Of course, an algorithm for the search problem would be good enough to solve the decision problem - and in practice, the algorithms we use solve the search problem. But in principle, you could imagine an algorithm which solves the decision problem non-constructively: it tells you whether $G$ and $H$ are isomorphic, but not how.
It turns out that, if this were the case, we could still use the non-constructive algorithm to find an algorithm for the search problem - it just takes a few more steps! And that's what we're doing here.
Here's a high-level overview of what this algorithm is doing:
Let vi (resp., ui) denote the ith vertex of G1 (resp., G2) Initialize φ = ∅ and J = [n] For i = 1 to n do: For j ∈ J do: Let φ' be φ with the pair (vi,uj) added If φ' extends to an isomorphism between G1 and G2 do: set φ = φ' set J = J \ {j} loop to the next value of i Output φ
In words: the final output $\phi$ (an isomorphism from $G_1$ to $G_2$) can be thought of as a list of all pairs $(v_1, \phi(v_1)), \dots, (v_n, \phi(v_n))$. We figure out what these pairs are, one at a time. To figure out what the pair $(v_i, \phi(v_i))$ should be, we try taking it to be $(v_i, u_j)$ for each unused vertex $u_j$ in $G_2$, and seeing if it works.
"Seeing if it works" - checking if $\phi$ extends to an isomorphism between $G_1$ and $G_2$ - is the hard part. It's answering a decision problem of "Is there an isomorphism from $G_1$ to $G_2$ that sends $v_1, \dots, v_i$ to $\phi'(v_1), \dots, \phi'(v_i)$?" If the answer is yes, then all the pairs in $\phi'$ so far are correct, and so we set $\phi = \phi'$ and continue.
But this decision problem is not the same decision problem as "Is there an isomorphism from $G_1$ to $G_2$?" that we're assuming we know how to solve. We'll show how to reduce this problem to the one we know, and that's where "rooting a tree" comes in...
To summarize, here is the task that remains before us. We are assuming that we have an algorithm for the decision problem, "Is there an isomorphism from $G_1$ to $G_2$?" (In computer science, we often call this hypothetical algorithm an oracle.) We want to use this oracle to solve the decision problem "Is there an isomorphism from $G_1$ to $G_2$ that sends $v_1, \dots, v_i$ to $\phi'(v_1), \dots, \phi'(v_i)$?"

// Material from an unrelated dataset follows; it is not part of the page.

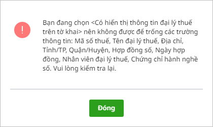 Mục đích: Hướng dẫn cách hiển thị cảnh báo khi tích chọn hiển thị thông tin đại lý thuế nhưng bỏ trống các trường thông tin bắt buộc, giúp người dùng nhận biết và bổ sung thông tin cần thiết.

To do this, we add some structure to $G_1$ and $G_2$ to force these pairings to exist. There are different ways to do it. The algorithm in the question does the following:
- In $G_1$, add $n$ new degree-$1$ vertices adjacent to $v_1$, $2n$ new degree-$1$ vertices adjacent to $v_2$, ..., $i \cdot n$ new degree-$1$ vertices adjacent to $v_i$.
- In $G_2$, add $n$ new degree-$1$ vertices adjacent to $\phi'(v_1)$, $2n$ new degree-$1$ vertices adjacent to $\phi'(v_2)$, ..., $i \cdot n$ new degree-$1$ vertices adjacent to $\phi'(v_i)$.
In the modified graphs, $v_i$ and $\phi'(v_i)$ are distinguished as the only vertices with at least $i \cdot n$ neighbors of degree $1$, so any possible isomorphism has to pair them. Then, $v_{i-1}$ and $\phi'(v_{i-1})$ are distinguished as the only other vertices with at least $(i-1) \cdot n$ neighbors of degree $1$, so any possible isomorphism has to pair them. Continuing to reason in such a way leads us to conclude that the only possible isomorphism between the modified graphs has to agree with $\phi'$.
So we can invoke our oracle on the modified graphs to solve the decision problem we need in the algorithm, and we have a complete solution.
(The pseudocode in the question differs slightly from what we're doing, but only in cosmetic ways: it maintains the modified graphs as $G_1'$ and $G_2'$ as it goes, rather than reconstruct them each time, and it doesn't specifically define $\phi'$, though the idea of $\phi'$ is behind graphs $G_1''$ and $G_2''$. The actual logic is the same, though.)